Marx, V. M.; Sullivan, A. H.; Melaimi, M.; Virgil; S. C.; Keitz, B. K.; Weinberger, D. S.; Bertrand, G. and Grubbs, R. H. “Cyclic Alkyl Amino Carbene (CAAC) Ruthenium Complexes as Remarkably Active Catalysts for Ethenolysis” Angew. Chem. Int. Ed. 2015, 54, 1919-23
Ethenolysis of seed oils has significant potential as a clean and sustainable way for the production of linear α-olefins, but the high catalyst loadings required to achieve reasonable yields of terminal olefins are not cost efficient on industrial scale. Unlike the very efficient cross metathesis reactions with terminal or internal olefins, turnover Numbers (TON) of only 2,000-5,000 were achieved with the standard first and second generation Ru metathesis catalysts in the ethenolysis of Methyl Oleate (MO). First generation Grubbs catalyst shows very high selectivity for ethenolysis but decomposes very quickly in the presence of ethylene. Second generation catalysts are significantly less selective for ethenolysis due to their propensity for self-metathesis reactions.
Promising results achieved previously with CAAC catalyst 1 prompted more systematic investigation which led to the synthesis of new catalysts exhibiting remarkable TONs: the highest TON achieved was over 300,000!
In the best performing catalysts 2 and 3, increased N-aryl substitution appears to increase the selectivity for terminal olefins. The high activity for ethenolysis can be explained by the increased stabilization of the ruthenium methylidene intermediate generated in the presence of ethylene. Ruthenium methylidenes are known to decompose rapidly through the insertion of the N-aryl substituent into the methylidene carbene. The increased electron density at the ruthenium and the steric bulk at the N-aryl groups in the CAAC derived catalysts probably stabilizes this highly reactive intermediate. The increased stability of the methylidene allows the ethenolysis reaction to proceed to completion to achieve the equilibrium ratio of terminal olefins.

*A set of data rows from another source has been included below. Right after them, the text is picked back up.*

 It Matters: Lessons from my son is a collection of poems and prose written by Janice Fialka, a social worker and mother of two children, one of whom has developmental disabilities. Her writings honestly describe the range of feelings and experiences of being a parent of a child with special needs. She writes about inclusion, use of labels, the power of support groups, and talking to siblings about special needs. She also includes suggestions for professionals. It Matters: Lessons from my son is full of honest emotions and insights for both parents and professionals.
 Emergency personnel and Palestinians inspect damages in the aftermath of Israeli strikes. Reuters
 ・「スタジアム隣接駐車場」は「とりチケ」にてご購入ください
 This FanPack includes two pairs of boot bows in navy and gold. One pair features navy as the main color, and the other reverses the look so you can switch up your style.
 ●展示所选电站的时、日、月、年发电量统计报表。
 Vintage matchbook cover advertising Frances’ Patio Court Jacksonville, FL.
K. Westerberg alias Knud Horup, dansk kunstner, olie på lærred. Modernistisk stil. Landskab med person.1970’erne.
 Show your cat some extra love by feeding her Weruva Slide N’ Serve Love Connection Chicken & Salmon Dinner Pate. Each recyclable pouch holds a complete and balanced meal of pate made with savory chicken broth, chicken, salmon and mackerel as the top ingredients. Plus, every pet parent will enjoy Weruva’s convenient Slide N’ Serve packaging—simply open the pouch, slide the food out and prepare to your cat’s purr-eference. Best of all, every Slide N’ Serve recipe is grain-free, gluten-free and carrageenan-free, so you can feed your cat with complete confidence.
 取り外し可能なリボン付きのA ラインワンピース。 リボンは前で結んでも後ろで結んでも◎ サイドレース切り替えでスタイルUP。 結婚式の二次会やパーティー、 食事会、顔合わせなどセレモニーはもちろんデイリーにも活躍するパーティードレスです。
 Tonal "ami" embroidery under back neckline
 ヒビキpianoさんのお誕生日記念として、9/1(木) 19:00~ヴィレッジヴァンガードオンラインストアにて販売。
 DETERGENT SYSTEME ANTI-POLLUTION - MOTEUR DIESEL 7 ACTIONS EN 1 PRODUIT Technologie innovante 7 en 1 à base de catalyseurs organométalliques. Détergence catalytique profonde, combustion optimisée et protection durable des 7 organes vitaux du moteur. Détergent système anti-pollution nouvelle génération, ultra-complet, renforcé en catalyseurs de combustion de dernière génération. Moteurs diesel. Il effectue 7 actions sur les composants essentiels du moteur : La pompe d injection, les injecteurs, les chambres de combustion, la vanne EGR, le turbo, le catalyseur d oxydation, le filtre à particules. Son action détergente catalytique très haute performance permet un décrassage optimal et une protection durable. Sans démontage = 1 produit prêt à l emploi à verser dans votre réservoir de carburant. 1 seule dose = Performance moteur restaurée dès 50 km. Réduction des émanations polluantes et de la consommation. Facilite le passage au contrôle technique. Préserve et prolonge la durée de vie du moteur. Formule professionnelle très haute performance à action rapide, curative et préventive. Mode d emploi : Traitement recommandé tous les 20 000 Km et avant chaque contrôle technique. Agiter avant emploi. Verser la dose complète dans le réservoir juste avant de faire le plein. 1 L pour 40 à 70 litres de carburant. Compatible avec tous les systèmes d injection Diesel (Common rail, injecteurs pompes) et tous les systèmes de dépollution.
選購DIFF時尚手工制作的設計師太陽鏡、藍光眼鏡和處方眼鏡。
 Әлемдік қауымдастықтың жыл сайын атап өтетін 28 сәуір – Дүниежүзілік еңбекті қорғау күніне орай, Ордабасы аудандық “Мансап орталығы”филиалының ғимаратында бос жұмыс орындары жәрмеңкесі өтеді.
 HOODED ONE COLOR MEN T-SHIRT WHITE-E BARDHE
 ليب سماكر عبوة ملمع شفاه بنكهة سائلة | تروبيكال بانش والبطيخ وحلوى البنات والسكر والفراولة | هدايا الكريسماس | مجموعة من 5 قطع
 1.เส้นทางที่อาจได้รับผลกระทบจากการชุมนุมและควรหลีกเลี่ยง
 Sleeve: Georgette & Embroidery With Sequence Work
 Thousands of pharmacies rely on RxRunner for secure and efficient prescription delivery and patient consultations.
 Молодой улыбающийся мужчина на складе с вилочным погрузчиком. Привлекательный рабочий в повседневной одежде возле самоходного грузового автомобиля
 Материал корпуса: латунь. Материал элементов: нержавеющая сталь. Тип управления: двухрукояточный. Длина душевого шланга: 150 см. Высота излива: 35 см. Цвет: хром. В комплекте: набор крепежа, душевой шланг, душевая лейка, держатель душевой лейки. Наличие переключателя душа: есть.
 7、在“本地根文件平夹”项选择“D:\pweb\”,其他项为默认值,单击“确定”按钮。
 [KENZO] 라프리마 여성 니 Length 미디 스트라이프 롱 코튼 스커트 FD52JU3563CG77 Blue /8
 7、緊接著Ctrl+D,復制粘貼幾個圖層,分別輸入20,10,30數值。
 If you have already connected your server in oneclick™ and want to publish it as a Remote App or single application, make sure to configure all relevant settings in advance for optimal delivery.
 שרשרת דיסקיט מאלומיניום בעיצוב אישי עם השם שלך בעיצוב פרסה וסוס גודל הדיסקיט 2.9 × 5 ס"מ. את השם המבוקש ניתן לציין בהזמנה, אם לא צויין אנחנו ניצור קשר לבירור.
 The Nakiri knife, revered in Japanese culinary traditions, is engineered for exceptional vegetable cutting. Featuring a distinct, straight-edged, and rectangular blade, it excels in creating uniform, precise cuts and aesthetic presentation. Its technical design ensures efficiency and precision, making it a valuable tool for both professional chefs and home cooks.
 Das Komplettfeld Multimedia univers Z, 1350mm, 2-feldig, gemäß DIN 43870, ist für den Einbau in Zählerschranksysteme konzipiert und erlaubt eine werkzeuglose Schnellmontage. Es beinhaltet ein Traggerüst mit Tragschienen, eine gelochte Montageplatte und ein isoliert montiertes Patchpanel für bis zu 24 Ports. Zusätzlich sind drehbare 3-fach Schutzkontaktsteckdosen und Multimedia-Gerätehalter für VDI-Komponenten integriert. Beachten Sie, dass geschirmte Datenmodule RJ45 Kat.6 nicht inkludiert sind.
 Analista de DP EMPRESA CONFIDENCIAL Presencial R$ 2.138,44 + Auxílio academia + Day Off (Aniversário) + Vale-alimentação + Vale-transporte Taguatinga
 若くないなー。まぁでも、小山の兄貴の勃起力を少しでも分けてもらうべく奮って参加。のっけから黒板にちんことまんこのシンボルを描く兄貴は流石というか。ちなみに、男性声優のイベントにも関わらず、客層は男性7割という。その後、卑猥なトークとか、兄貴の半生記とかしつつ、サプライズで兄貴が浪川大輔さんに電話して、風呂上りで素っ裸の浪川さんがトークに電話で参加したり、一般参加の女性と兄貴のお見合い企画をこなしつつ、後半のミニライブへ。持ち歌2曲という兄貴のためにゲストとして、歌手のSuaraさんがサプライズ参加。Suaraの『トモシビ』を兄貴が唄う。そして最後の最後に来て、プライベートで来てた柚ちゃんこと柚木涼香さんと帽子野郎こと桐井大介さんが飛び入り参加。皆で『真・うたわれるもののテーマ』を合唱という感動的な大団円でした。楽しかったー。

Last but not least, it’s noteworthy how crucial the purity of the ethylene gas was to achieve high TONs. The use of 99.95% purity almost doubled the previously reported TON for 1 achieved with 99.9% pure ethylene1. The use of even higher grade gas (99.995%) led to dramatic increase to 340,000 TON at 1 ppm catalyst loading with catalyst 2.
1TON of 35,000 was achieved for ethenolysis of MO: Schrodi, Y.; Ung, T.; Vargas, A.; Mkrtumyan, G.; Champagne, T. M.; Pederson, R. L.; Hong, S. H. Clean 2008, 36, 669-73.